Sarah Elson's work is at once exquisitely beautiful and profoundly shocking. Not shocking in a spurious tabloid sense, but truly dread-full as the viewer is faced with first the beauty and the fragility of life and finally, inevitably with the bare fact of their own mortality.
Elson has cast from life an assortment of flowers, insects, seedlings and tiny creatures. These she has brought together in various configurations reminiscent of museum display, herbaria collections and the arrangement of objects on a mantelpiece. Her choice of the methodology of scientific enquiry for the presentation of the work dovetails nicely with the (modernist) grid arrangement of several of the works, for the business of artists such as Elson is, like science, an investigation into how the world works. But unlike science, Elson's enquiry encompasses the poetics of the soul side by side with the material world.
The casting process has rendered each once - living thing in the finest detail, right down to the hairs on the stems and petals of the kangaroo paw flowers, that apotheosis of all that is strange and 'other' about antipodean nature. If one of the reasons for creating art is to fly in the face of death, it is a nice paradox that in the process of casting the things themselves are destroyed, leaving only their forms rendered immortal in silver, copper and gold. One is reminded of the goal of the alchemists to transform gross matter into its purest state, searching for the key to everlasting life. But what I think Elson is drawing our attention to with all these tiny memorials is the wisdom and beauty to be found in our worldly existence, however fleeting that may be. Another kind of immortality is at work here. Not all the objects that she has cast are at the end of their life. The cicada skins in Nymphal Skin from a Hemiptera allude to transformation, the group of tiny seedlings in Accumulation of Succulents are just beginning, and the spent flowers, pods and buds in works such as Anigozanthos (eudaimonia hybrid) and Macropidia Fuliginosa are all way- stations in an endless cycle of renewal from seed to flower to seed again.

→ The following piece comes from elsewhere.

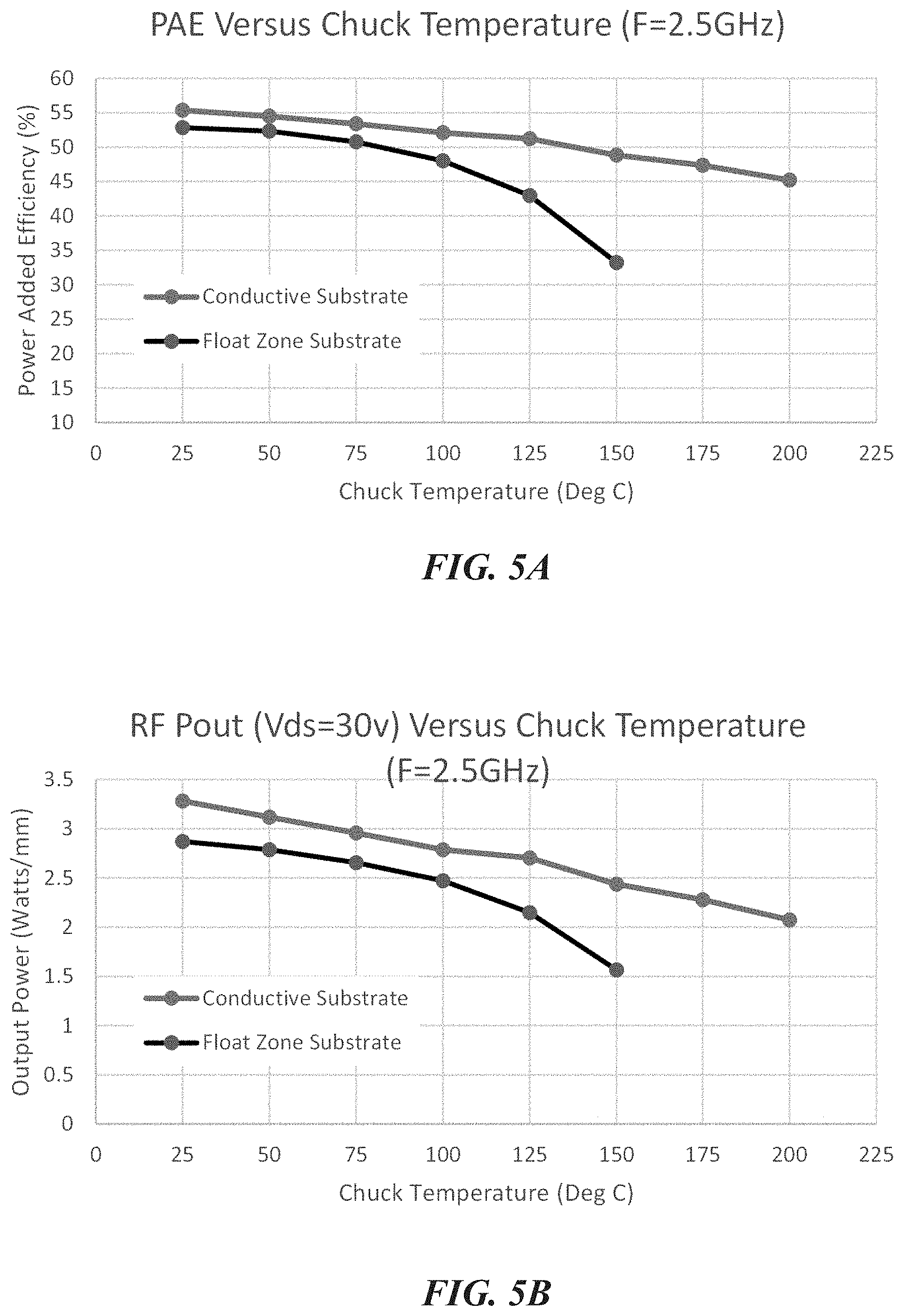 Example results from fabricated devices and simulations are described in this section. FIG. 5A shows measured power-added efficiency (PAE) at 2.5 GHz for two GaN-on-silicon high-electron mobility transistors (HEMTs) versus measured temperature of the silicon substrate. One GaN HEMT transistor was manufactured on a 625 μm thick highly conductive (0.02 Ω-cm i.e. conductive) silicon substrate and the other was manufactured on a 625 μm thick highly resistive (10,000 Ω-cm i.e. float-zone) silicon substrate. The transistor using a highly conductive substrate (upper trace) shows improved power added efficiency at all temperatures and particularly at elevated substrate temperatures compared to the HEMT formed on the highly resistive substrate.

In the midst of this there is also untimely death. A dove chick and a tiny frog are two of the objects in Accumulation shelf. The dove chick lies curled in a parody of its embryonic shape, stopped before it really got me going. I was taken back to a park that I used to walk through regularly on my way to school as a child. Often in spring we would find dead chicks lying on the bitumen path beside a thick hedge. It wasn't sorrow, but curiosity that I felt at seeing these tiny bodies. It is as adults that we come to a deeper awareness of the hairsbreadth that divides life from death and feel its pathos most keenly. Sarah Elson, as a mother of young children is deeply involved in these life and death processes and in the 'stuff' of material life. Her fragile detritus is collected whilst walking with her children and a childlike curiosity and wonder is evoked by her assemblage of these tiny objects.
As Elson wants to remind us, material life can be a trap. She uses the word accumulation in a number of titles, and there is a strange anomaly amongst the spent flowers and ragged insect wings of Accumulation shelf - a cast credit card. So where does fulfilment lie in mortal life? The show's title work Anigozanthos (eudaimonia hybrid), contains a clue. Ric Spencer writes in the excellent catalogue essay that eudoaimonia means the desire to live a happy life. The Anigozanthos (kangaroo paw) has lived a right life according to its nature, is this where happiness lies? It's a good place to start.
Elson's beautiful and often witty work reminds us that as life is finite, that is all the more reason to live it mindfully and well.